What must it have felt like to watch Sarah Kane’s final play, whose depressed protagonist plots imminent suicide, knowing that the playwright killed herself the previous year?
First staged in 2000, under the shadow of Kane’s death in 1999, it is back now with the original creative team, including director James Macdonald and its fine three-strong cast of Daniel Evans, Jo McInnes and Madeleine Potter. They play a divided self, it seems, reflecting on illness, shame, self-loathing, love, betrayal, medication culture and – importantly – the prospect of ending it all at exactly 4.48am.
Co-produced by the Royal Shakespeare Company, the play is again staged in the upstairs theatre at the Royal Court (after which it will travel to Stratford-upon-Avon). It is variously abstruse and lucid in its arguments on life, death and suicide, and still original in form. But this production feels like the reconstruction of a seminal performance rather than a seminal performance for today. Maybe this is because Kane’s position has changed in the intervening decades: she sits firmly in the canon. So this replica-like revival has the strange effect of a museum piece in this “new writing” space, posthumous and reverential.
Jeremy Herbert’s set is a white square with functional table, chairs and an overhanging mirror that reflects the audience and the protagonist’s selves which acquire more fractured counterparts in shadow. Light alters in this room, glowing sharp or soporific, like the setting and rising of the sun (beautifully designed lighting by Nigel Edwards). There are bursts of disturbance within, reminiscent of the grey fuzz of an old TV set, which becomes an inspired visual analogy for the dismal brain fog of depression.

The protagonist variously lies prone, circles the stage or sits in antagonistic conversation with a psychiatrist (another inner voice). There are deep, startlingly lyrical passages (“the cold black pond of myself”) alongside bathos and grim humour; the script is an exemplar of Kane’s perceptive and emotionally unswerving gifts as a writer.
But dramatically it is sedate. You wish for something messier, louder, angrier. There are flickers of this – a stunning moment when the protagonist (McInnes) shouts as she lies on the table, enraged at life – yet it then returns to blankness. Maybe this non-mood is the point – a depression that leaves meaningful emotion quashed – but it evokes a kind of vacancy in the air nonetheless.

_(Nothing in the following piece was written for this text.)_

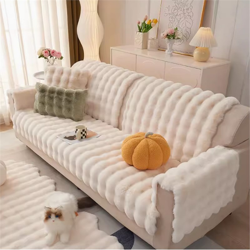 新作の防ウサギ毛皮風ソファクッション、バブルベルベット滑り止めベッドサイドカーペット、ソファカバー、猫の引っ掻き傷防止シートクッション、厚手の毛布

There is still value in its staging and poignancy, too. It is beautifully performed with moments of bared anguish and delicate detail. The opening of the stage windows, a countervailing gesture to the reflection of a closed window on stage, is a haunting, yet exhilarating, final image.
At the Royal Court theatre, London, until 5 July. Then at the Other Place, Stratford-upon-Avon, 10-27 July.